Do you ever feel like you’re trying to fit too much in?
You had all these great things planned and then you’re halfway through and you’re thinking this isn’t fun any more, this is actually hard work and what I would really like to do right now is lie down and take a nap!
But you can’t, of course, because you’ve committed. You’ve already started or you told someone you would be there. Yeah, I do that. It feels good at first – look at me go! But sometimes it feels like I haven’t even got time to breathe. I am gasping, rushing, falling behind, and if I stop... it will all fall down around me.
But would it really be so bad to just sit still for a bit? How well can I focus if I am moving so fast?

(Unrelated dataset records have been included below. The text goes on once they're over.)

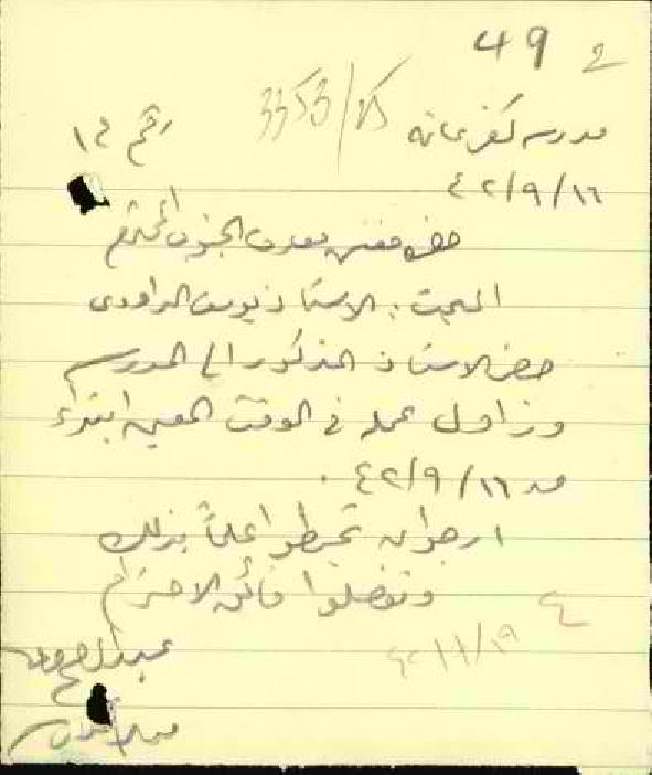 رسالة من المعلم يوسف الداودي الى مفتش المعارف يطلب فيها زيادة غلاء معيشة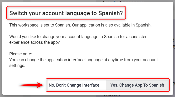If your selected workspace language is one of the supported interface languages (English, Français, Deutsch, Español, Italiano, Português), Upmetrics will ask if you want to change your app interface as well. Choose Yes or No as preferred.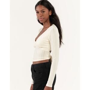 RSQ Womens Top Sz L Cream Open Tie Back Cropped Top Crop Ribbed Long Sleeve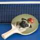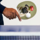 Gracioso Pug con una manzana balanceándose encima de su cabeza.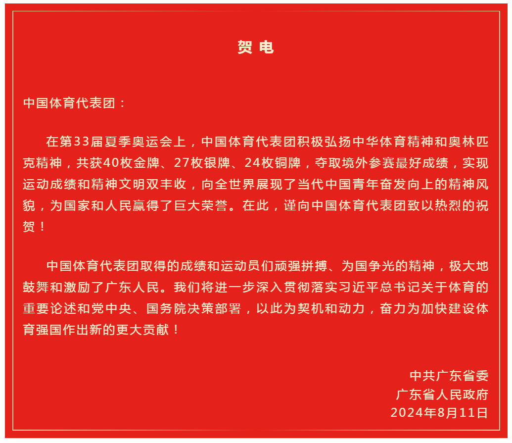 广东省委、省政府向中国体育代表团发出贺电,全文如下: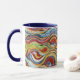 This is a Habatour Creations coffee mug, adorned with an authentic modern abstract geometric digital pattern design with wavy lines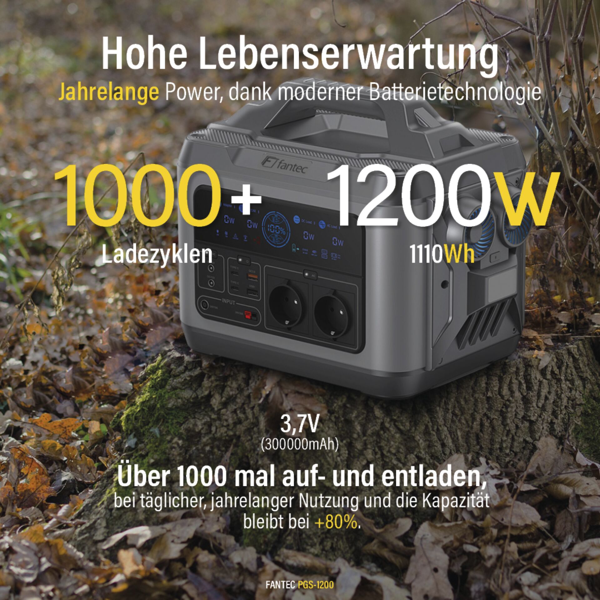 - 1200 W Nennleistung, 1110 Wh Kapazität:

I find it tricky to stop, even just for a moment, because my mind is racing to what else I could be doing, the next text message or the latest status update. I run around trying to fill my life with ‘more’.
Why do I do that though?
I want to be successful, I want to be useful, I want to be helpful, I want to be liked. Having spare time in my day is sometimes a scary thing, because when I stop I’m left with thoughts that I’m not so sure I want to have.
When I stop I feel like I don’t measure up. I compare myself to others and worry I’m not making enough progress with my life. Letting myself slow down brings me face to face with my insecurities, my fears of unfulfilled dreams and a wasted life, fears that I am not helping enough people. I am not useful. I am not enough.
So of course I try to squash these feelings! I write endless to-do lists, ignoring my insecurity by focusing on what I can accomplish! The feelings go away if I pretend they’re not there, right? Sadly, no.
Slowly I’m learning I don’t have to be superwoman - I don’t have to prove my capabilities to anyone! I am enough, whether I’m rushing or resting, busy or boring (or beautifully balanced ;p).
So I am trying for quality over quantity. That way I really enjoy the things I choose to do, without so much pressure or hurry. What’s the point of getting a heap of stuff done if you didn’t enjoy any of it because you were too stressed?
I often imagine my greatest moments are in my future, and while there are some better and brighter days coming, the moment that I’m in right now might really be worth noticing.
It can be actually be enjoyable to relax, once you get used to it. It feels good to let go of the to-do lists for a while. Then when you pick them back up they often don’t feel as heavy as before, bonus!
Shall we slow down a bit then? What do you think?